Late in January, a third son was born, whom the parents name Richard Leigh. A week later, the young mother, not yet 25 years old, fell into a delirium, in which she relived the family’s trip to the World’s Columbian Exposition (celebrating the 400th anniversary of the discovery of America, opening a little late, in ’93), helping and encouraging her two babies to mount the steps of the buildings in the “alabaster city”. The following day she entered her celestial mansion. Whatever medical term the doctor assigned as the cause of her death, it should have been spelled merely rotten obstetrics. She was carried to the local cemetery, where in the months following, the stricken husband and eldest son many times visited her grave. Nobody who has not gone through a similar experience can imagine the terrifying situation Frank faced, with three little sons and nobody to care for them.
Uncle Ed and Aunt Hannah Barrett asked to be given charge of Philip; and they took him to the parsonage in Iowa City, where he was loved and cared for as a late-born son among three adolescent daughters. Providence guided Frank to a spinster, Florest (“Flossie”) Squires, who proved to be as nearly adequate a substitute for a mother as I suppose any orphaned family was ever blessed with. A German farmer’s daughter was engaged to do the kitchen work. At Christmas time and during summer vacations, Father took me to visit Philip and family; and at times he also traveled to Oswego, Illinois for some delightful days with Uncle John, who had established a grocery business there. And all this Frank did on $75 a month!
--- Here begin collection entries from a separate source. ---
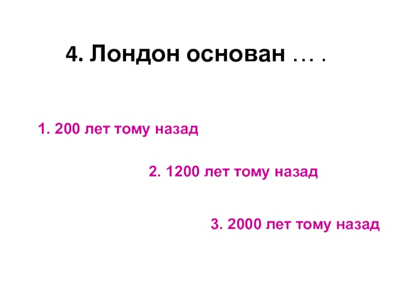 4. Лондон основан … .1. 200 лет тому назад2. 1200 лет тому назад3. 2000 лет тому назад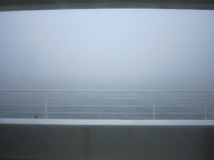 14:07 昼寝から 起きました。 昼寝から。 (^O^) 相変わらず、船は靄の中を走ります。 船は凄いね。夜もそうだけど、この靄の中も何も見えない。 レーダーだけを頼りにして、無視界航行だ。 もし、バイクに高性能なレーダーを付けて、それだけ見て走れと言われても、自分には怖くてできない。 |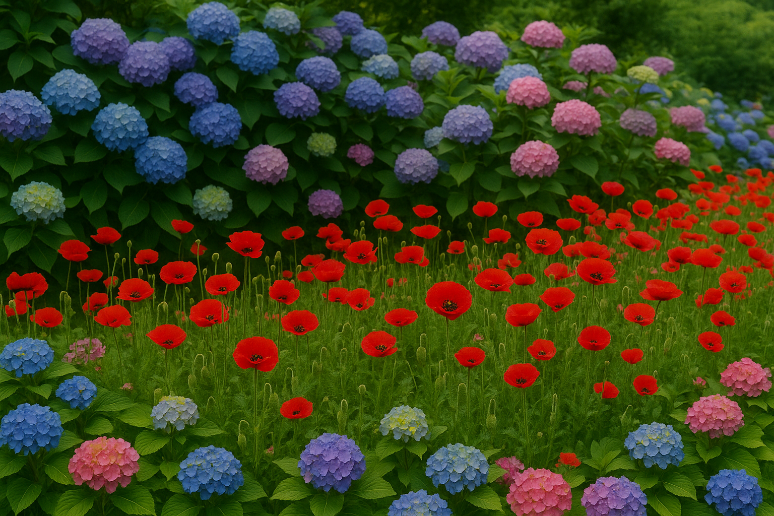 수국과 양귀비가 피어나는 길 – 꽃길 속을 걷다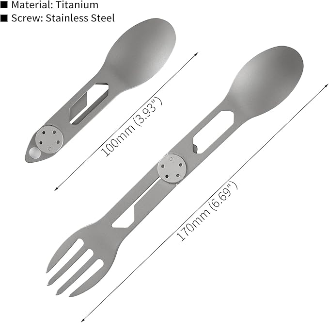 - Ultra light the integrated combination of folding fork and spoon, so you don't need to worry about dragging a whole set of silver articles too heavy during the journey, each piece is only 20g/0.7oz.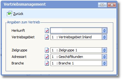 << Hier KLicken um eine Inhaltsübersicht anzuzeigen >> Navigation: OfficePlaner > Stammdaten > Adressstamm > Adressen erfassen/ändern > Die Karteikarte "Standard" (Firma) > Vertriebsmanagement |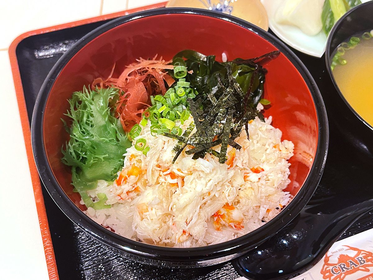 ズワイガニのほぐし身が贅沢に盛られた「蟹のほぐし身丼」は、カニのふんわりとした食感とうま味を堪能できる海鮮丼。カニでダシを取り、ほぐし身も入っている「蟹の味噌汁」と、お漬物がセットになっています。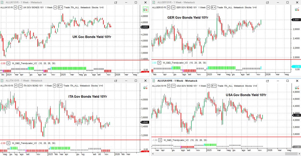In Germania, il Bund decennale sale al 2,80%, un incremento che interrompe la stabilità che aveva caratterizzato le rilevazioni precedenti. Trendycator vira su LONG sui rendimenti, suggerendo un contesto in cui la pressione al rialzo potrebbe mantenersi più visibile. È una configurazione che riflette il nuovo clima europeo: il taglio dell’outlook sui bond UE e la crescente percezione di rischio stanno ridisegnando il profilo della curva tedesca, tradizionalmente vista come barometro della solidità continentale.

This is his biography, not mine; so I should resist the temptation to inject myself into the narrative. I will, however, introduce enough evidence to indicate how much I must have added to his burdens during these trying years. Some time ago I visited Prairie du Sac, and called on a very old woman who had been a high school teacher while I was there, and who remembered us well—Father had officiated at her first wedding. She testified that I could think of more deviltry in 5 minutes than any other kid could in a day. The parsonage yard reached to a well-traveled dirt road. One pastime I recall was to watch for a shiny buggy to pass, and to run out and pick up horseapples, the fresher the better, and throw them at the back of the rig. Harder to bear than such delinquencies, was the melancholy habit I had acquired as soon as I could speak plainly, of swearing. When the trite jibe comes at me about the minister’s sons being the most depraved in town, I can only blush with shame and admit that in some cases at least, the remark is well justified.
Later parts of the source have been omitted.